In the embodiment of FIG. 5A, the wellbore servicing composition may be introduced into the wellbore services manifold trailer 250 from the sand blender 242 via flowline 260. As used herein, the term “wellbore services manifold trailer” may include a truck and/or trailer comprising one or more manifolds for receiving, organizing, pressurizing, and/or distributing wellbore servicing compositions during wellbore servicing operations. Alternatively, a wellbore servicing manifold need not be contained on a trailer, but may comprise any suitable configuration. In the embodiment illustrated by FIG. 5B, the wellbore services manifold trailer 250 is coupled to eight high pressure (HP) pumps 270 via outlet flowlines 280 and inlet flowlines 290. In alternative embodiments, however, any suitable number, configuration, and/or type of pumps may be employed in a wellbore servicing operation. The HP pumps 270 may comprise any suitable type of high-pressure pump, a nonlimiting example of which is a positive displacement pump. Outlet flowlines 280 are outlet lines from the wellbore services manifold trailer 250 that supply fluid to the HP pumps 270. Inlet flowlines 290 are inlet lines from the HP pumps 270 that supply fluid to the wellbore services manifold trailer 250. In an embodiment, the HP pumps 270 may be configured to pressurize the wellbore servicing composition to a pressure suitable for delivery into the wellbore. For example, the HP pumps 270 may be configured to increase the pressure of the wellbore servicing composition to a pressure of about 10,000 psi; alternatively, about 15,000 psi; alternatively, about 20,000 psi or higher.

In an embodiment, the wellbore servicing composition may be reintroduced into the wellbore services manifold trailer 250 from the HP pumps 270 via inlet flowlines 290, for example, such that the wellbore servicing composition may have a suitable total fluid flow rate. One of skill in the art with the aid of this disclosure will appreciate that one or more of the surface wellbore servicing equipment, for example, as disclosed herein, may be sized and/or provided in a number so as to achieve a suitable pressure and/or flow rate of the wellbore servicing composition to the wellbore. For example, the wellbore servicing composition may be provided from the wellbore services manifold trailer 250 via flowline 190 to the wellbore at a total flow rate of between about 1 BPM to about 200 BPM, alternatively from between about 50 BPM to about 150 BPM, alternatively about 100 BPM.

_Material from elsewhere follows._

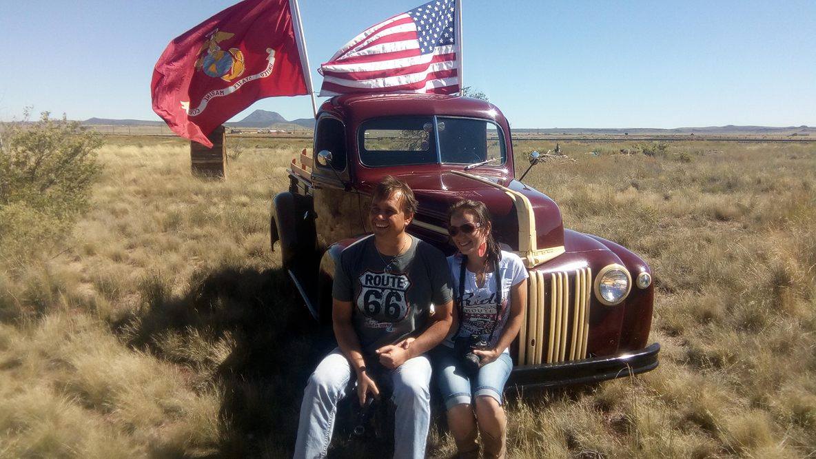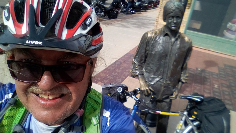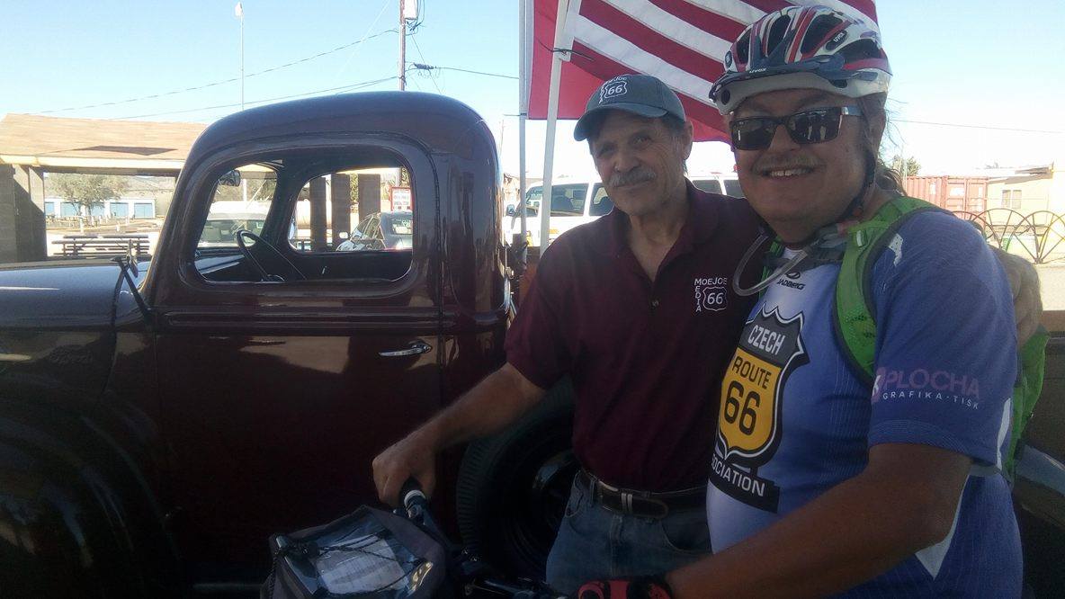 Před Seligmanem na mě čekal můj přítel Frank Kocevar se svojí ženou Lynne, aby mě do města doprovázeli v krásném historickém autě (fanoušci amerik jistě okamžitě definují značku, model, rok výroby i počet vyrobených kusů ) a v Seligmanu samotném se ke mně na krátkou společnou cyklistickou vyjížďku přidal sám slavný holič Angel Delgadillo! Byla to pro mě velká čest.

As indicated above, the system 30 of FIG. 5A may comprise a wellbore servicing composition. In embodiments, the wellbore servicing composition may comprise a wellbore servicing fluid (e.g., a hydraulic cement slurry or non-cementitious sealant). In additional or alternative embodiments, the wellbore servicing composition may be formulated as a drilling fluid, a spacer fluid, a sealant, a fracturing fluid, a gravel pack fluid, a completion fluid, or combinations thereof. In additional or alternative embodiments, the wellbore servicing composition may comprise one or more sensors placed therein. The sensors (e.g., MEMS sensors) may be added to the wellbore servicing composition at any point in the system 30 suitable for adding such sensors. For example, MEMS sensors may be added to surface wellbore operating equipment via an actuator of the type described in FIG. 5A, by manual admixing, or by any other method known to those skilled in the art with the aid of this disclosure (e.g., pre-mixing as described in the method below).

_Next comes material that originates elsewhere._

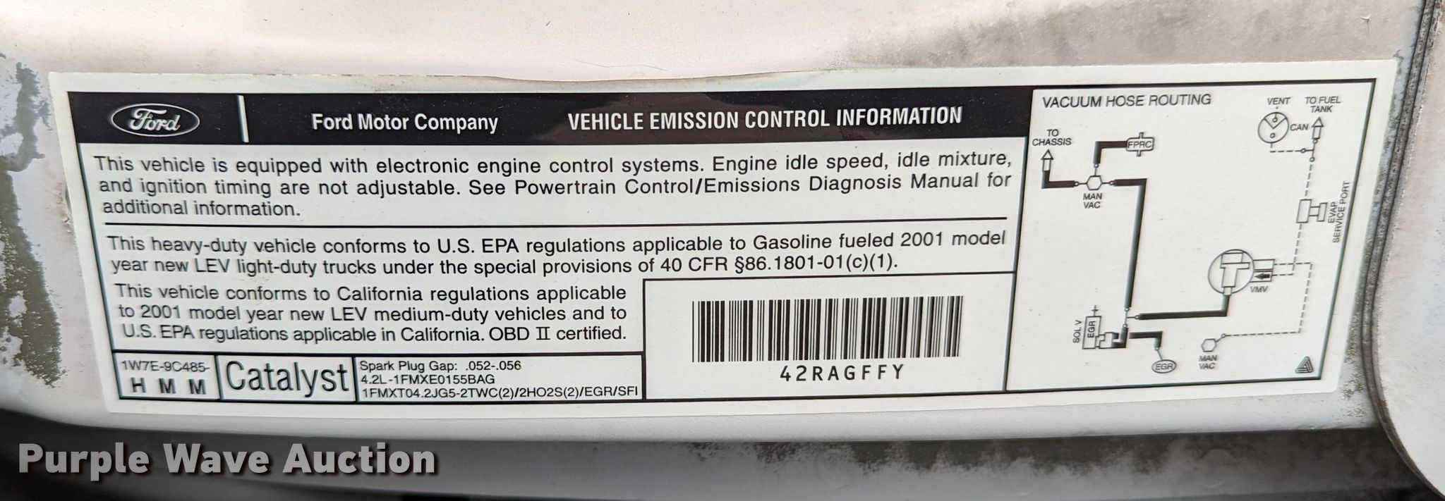 2001 Ford E250 van. Miles: 49,387 on odometer, VIN: 1FTNE24231HA37335. Engine Displacement: 4.2L V6 SOHC, Cylinders: 6, Fuel type: Gas. Transmission Automatic. Interior AC, Heat, Power windows. Tires Size: LT245/75R16. California title. Title distribution may be delayed up to 30 days from verification of funds. L&R Auto Brokers, LLC. 14555 W Frisco Dr. Yukon, OK 73099

In an embodiment, the sensors (e.g., MEMS sensors optionally comprising an elastomer coating) are integrated or coupled with a radio-frequency-identification (RFID) tag. In embodiments, the sensors contained are ultra-small, e.g., 3 mm2, such that the sensors are pumpable in the disclosed wellbore servicing compositions. In embodiments, the MEMS device of the sensor may be approximately 0.01 mm2 to 1 mm2, alternatively 1 mm2 to 3 mm2, alternatively 3 mm2 to 5 mm2, or alternatively 5 mm2 to 10 mm2. In embodiments, the sensors may be approximately 0.01 mm2 to 10 mm2. In an embodiment, the composition comprises an amount of sensors effective to measure one or more desired parameters. In an embodiment, the sensors may be present in the disclosed wellbore servicing compositions in an amount of from about 0.001 to about 10 weight percent. Alternatively, the sensors may be present in the disclosed wellbore servicing compositions in an amount of from about 0.01 to about 5 weight percent.

The wellbore servicing system 30 may further comprise one or more interrogators which are placed in a part of the wellbore servicing system 30 as indicated in FIG. 5A by the box 360 having dashed lines (e.g., coupled with one or more of blenders 240, 242, one or more of flowlines 342, 260, 280, 290, conduit 190, one or more of HP pumps 270, or combinations thereof). An interrogator of the wellbore servicing system 30 may be positioned on, within, about, around, in proximity to, or combinations thereof of surface wellbore operating equipment of the wellbore servicing system 30 at the surface (e.g., surface 16 of FIG. 2) of the wellsite. In an embodiment, the interrogator is attached to the surface wellbore operating equipment.

In embodiments, the interrogator may retrieve data regarding one or more parameters (e.g., a location, a condition of mixing, a composition component concentration, a density, a dispersion of the sensors (e.g., MEMS sensors) in the wellbore servicing composition at the surface of the wellsite, or combinations thereof) sensed by the sensors (e.g., MEMS sensors). In embodiments, the interrogator may activate and receive data form one or more sensors (e.g., MEMS sensors) in the wellbore servicing composition at the surface of the wellsite (e.g., within surface wellbore operating equipment). The interrogator of wellbore servicing system 30 may communicate data to a computer (e.g., a controller 370) whereby data sensor position (e.g., location) may indicate a mixing condition (e.g., uniformity of mixing), a concentration of a component in the wellbore servicing composition, a density of the wellbore servicing composition, a dispersion of the sensors (e.g., MEMS sensors) in the wellbore servicing composition at the surface of the well site, or combinations thereof.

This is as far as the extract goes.